In direct contrast to this twisty ribbon of stylistic mutation, Amenra deliver a penetrative meditation on one solitary space and idea. Their sound works in grand curves of inevitability, stretching out like tidal waves over 10 minutes at a time – mammoth strides of 6/8 rhythm accompanied by smooth, swooping headbangs, spanning endlessly (and somehow, gracefully) through time like metal music’s own equivalent of tai chi. Plenty of tectonic downtuning to please the Cult Of Luna faithful here, threaded with a frostbitten isolation that feels more akin to Scandinavian Black Metal.
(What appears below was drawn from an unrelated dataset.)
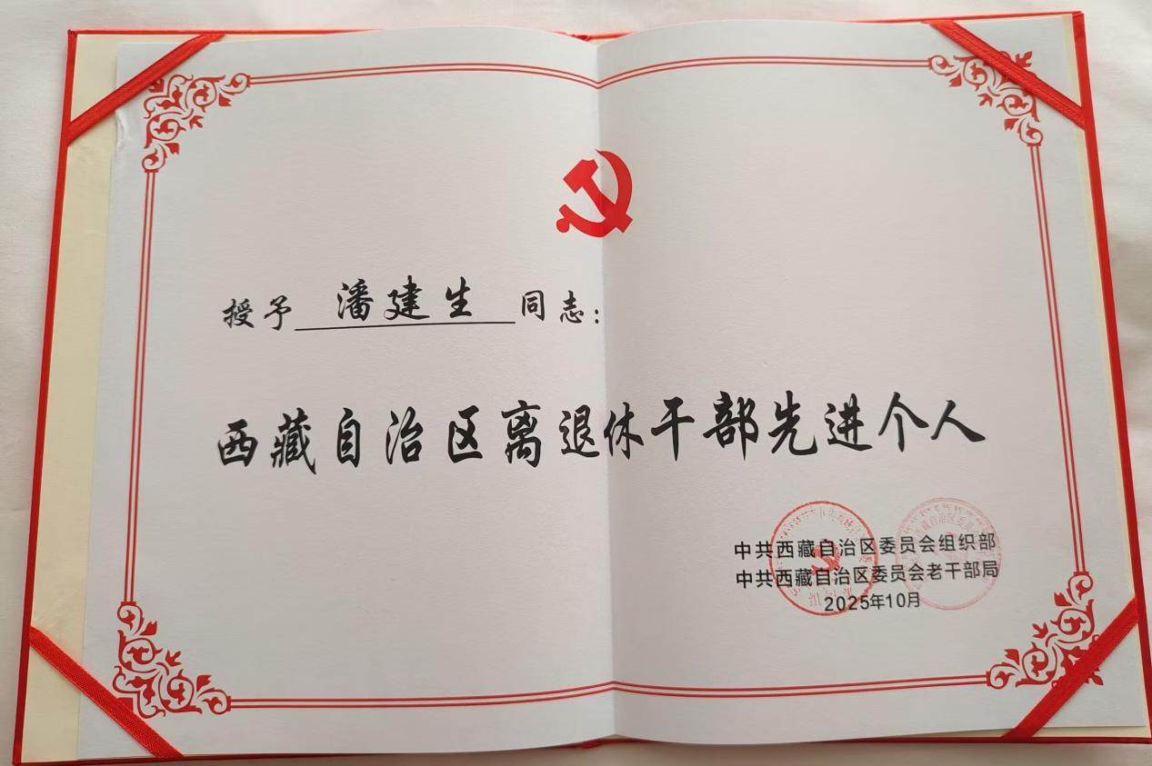 (潘建生教授获得西藏自治区离退休干部先进先进个人荣誉证书)

The pre-headliner break comes to a close with strobe lights twirling through dry ice, and synthesisers mapping out a voyage to the precipice of the universe. Who would have thought that a Cult Of Luna set would ever open up like a sci fi theatre production? Their latest album – based on Fritz Lang’s Metropolis – has allowed for a new atmospheric interplay to occur as part of their live experience: a tussle between nature and industry, stumbling from vacated factory control rooms to thick woodland and back again. “I: The Weapon” jerks aggressively between abrupt, squared-off riffs and the more spacious stretches of synthesiser and clean guitar, maintaining a momentum that feels (most appropriately) more sturdy and hydraulic than anything they’ve produced previous to Vertikal. And then there’s the likes of “Ghost Trail” and “Finland” – the former a creepy arboreal carnival ending in a blistering, ever-accelerating climax, the latter trudging down a hopelessly bleak path, housing a much weightier and more laboured momentum than on the new album. Not only do the Vertikal tracks comfortably keep pace with the quality and grandeur pouring out of their back-catalogue, but they blow open a completely new narrative that never before existing within the band’s work: the story of big, gloomy cityscapes sprouting ominously in the midst of rich stretches of organic matter.